>>>

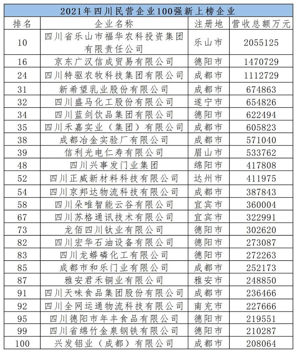 根据榜单显示,今年四川民营企业100强入围门槛实现新的突破,达20.81亿元,比上年增加3.66亿元、同比增长21.34%。大中型企业数量稳步提升,营业收入超过100亿元28家企业,比上年增加2家。其中,新希望集团以2180.80亿元位列营业收入第1名,通威集团、蓝润集团分别以926.35亿元和710.00亿元位列营收第二、三名。
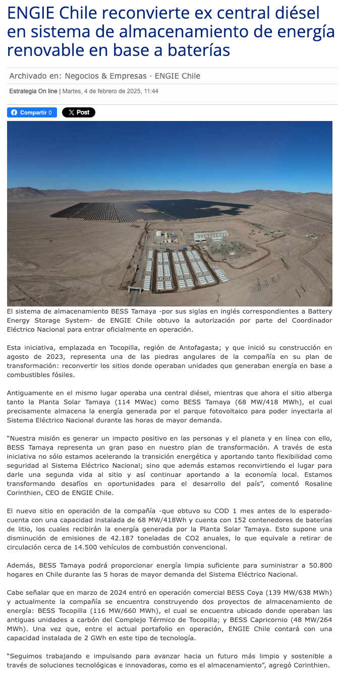 ENGIE Chile reconvierte ex central diésel en BESS Tamaya para almacenamiento de energía renovable - (cualestuhuella.cl)
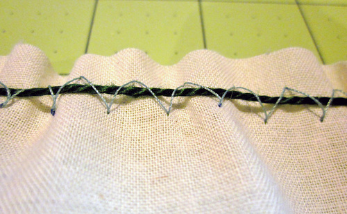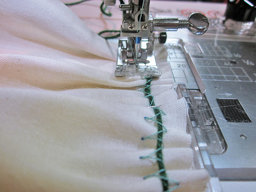 - Sew the gathers to your project, sewing just to the left of (just below) the zig zag.
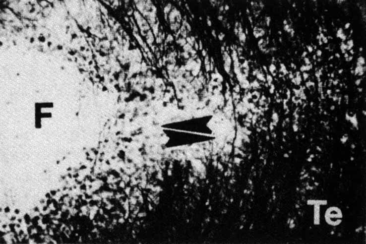 in function. The synaptic junction of a typical chemical synapse consists of specialized apposed membranes of the two neuronal cells, separated by a 20- to 30-mm cleft.45 Similar to other intercellular junctions, such as zonulae adherentes, the plasma membrane of the synaptic junction contains tufts of fine filaments that insert into cytoplasmic densities, and the two apposing cell membranes are glued together by a thin, dark plate of filamentous material in the intercellular cleft.46 However, unlike the interepithelial cell adherence, the interneuronal synapse is polarized and has an asymmetric predominance of intracytoplasmic fibrils in the postsynaptic side of the junction. The distinction between the morphology of the synaptic junction and that of the zonula adherens is important because both types of junctions are present between neuronal cells in the retina. These nonsynaptic junctions do not serve the purpose of electrical communication between cells. As in epithelial tissue, where they are commonly found, the zonulae adherentes act as binding sites to maintain tissue cohesion.45 In neural tissue they are usually short and have been given the special label puncta adhaerentia.46 Another type of junction between neuronal cells in the retina is the gap junction.47 In a gap junction, there is close apposition between presynaptic and postsynaptic membranes, and current is allowed to pass directly between adjacent cells. Thus, it is classified as an electrical synapse. Because no chemical mediator substance is involved, the rate of signal transmission is faster in these junctions than in typical chemical synapses. In some synapses, characteristics of both the chemical synapse and the gap junction are found. These connections, called “mixed synapses,” have not been found in the retina thus far.45 The electrical synapse (gap junction) characteristically shows a transsynaptic gap with a seven-layered structure produced by the approximation of membranes from the two juxtaposed cells (Fig. 19).48 The synapse consists of four dense lines and three intervening light spaces. It lacks the morphologic detail characteristic of the chemical synapse. Thus, they are localized best by tracer coupling. There are no vesicles and no obvious changes in the cytoplasm on the two sides of the junction. The gap junction does not function by the use of a chemical transmitter. Instead, it offers a low-resistance pathway between the cells. The extent of the electrical coupling of the adjacent cells appears to be dependent on the level of expression and type of the connecting particles (connexin). Thus, plasticity of the coupling in the retina is possible and the retina has the potential to optimize vision for the ambient lighting conditions.49

<<<

**What to produce:**
Go through the listing above and quote it exactly, apart from its images.

**Answer space:**
 根据榜单显示,今年四川民营企业100强入围门槛实现新的突破,达20.81亿元,比上年增加3.66亿元、同比增长21.34%。大中型企业数量稳步提升,营业收入超过100亿元28家企业,比上年增加2家。其中,新希望集团以2180.80亿元位列营业收入第1名,通威集团、蓝润集团分别以926.35亿元和710.00亿元位列营收第二、三名。
 ENGIE Chile reconvierte ex central diésel en BESS Tamaya para almacenamiento de energía renovable - (cualestuhuella.cl)
 - Sew the gathers to your project, sewing just to the left of (just below) the zig zag.
 in function. The synaptic junction of a typical chemical synapse consists of specialized apposed membranes of the two neuronal cells, separated by a 20- to 30-mm cleft.45 Similar to other intercellular junctions, such as zonulae adherentes, the plasma membrane of the synaptic junction contains tufts of fine filaments that insert into cytoplasmic densities, and the two apposing cell membranes are glued together by a thin, dark plate of filamentous material in the intercellular cleft.46 However, unlike the interepithelial cell adherence, the interneuronal synapse is polarized and has an asymmetric predominance of intracytoplasmic fibrils in the postsynaptic side of the junction. The distinction between the morphology of the synaptic junction and that of the zonula adherens is important because both types of junctions are present between neuronal cells in the retina. These nonsynaptic junctions do not serve the purpose of electrical communication between cells. As in epithelial tissue, where they are commonly found, the zonulae adherentes act as binding sites to maintain tissue cohesion.45 In neural tissue they are usually short and have been given the special label puncta adhaerentia.46 Another type of junction between neuronal cells in the retina is the gap junction.47 In a gap junction, there is close apposition between presynaptic and postsynaptic membranes, and current is allowed to pass directly between adjacent cells. Thus, it is classified as an electrical synapse. Because no chemical mediator substance is involved, the rate of signal transmission is faster in these junctions than in typical chemical synapses. In some synapses, characteristics of both the chemical synapse and the gap junction are found. These connections, called “mixed synapses,” have not been found in the retina thus far.45 The electrical synapse (gap junction) characteristically shows a transsynaptic gap with a seven-layered structure produced by the approximation of membranes from the two juxtaposed cells (Fig. 19).48 The synapse consists of four dense lines and three intervening light spaces. It lacks the morphologic detail characteristic of the chemical synapse. Thus, they are localized best by tracer coupling. There are no vesicles and no obvious changes in the cytoplasm on the two sides of the junction. The gap junction does not function by the use of a chemical transmitter. Instead, it offers a low-resistance pathway between the cells. The extent of the electrical coupling of the adjacent cells appears to be dependent on the level of expression and type of the connecting particles (connexin). Thus, plasticity of the coupling in the retina is possible and the retina has the potential to optimize vision for the ambient lighting conditions.49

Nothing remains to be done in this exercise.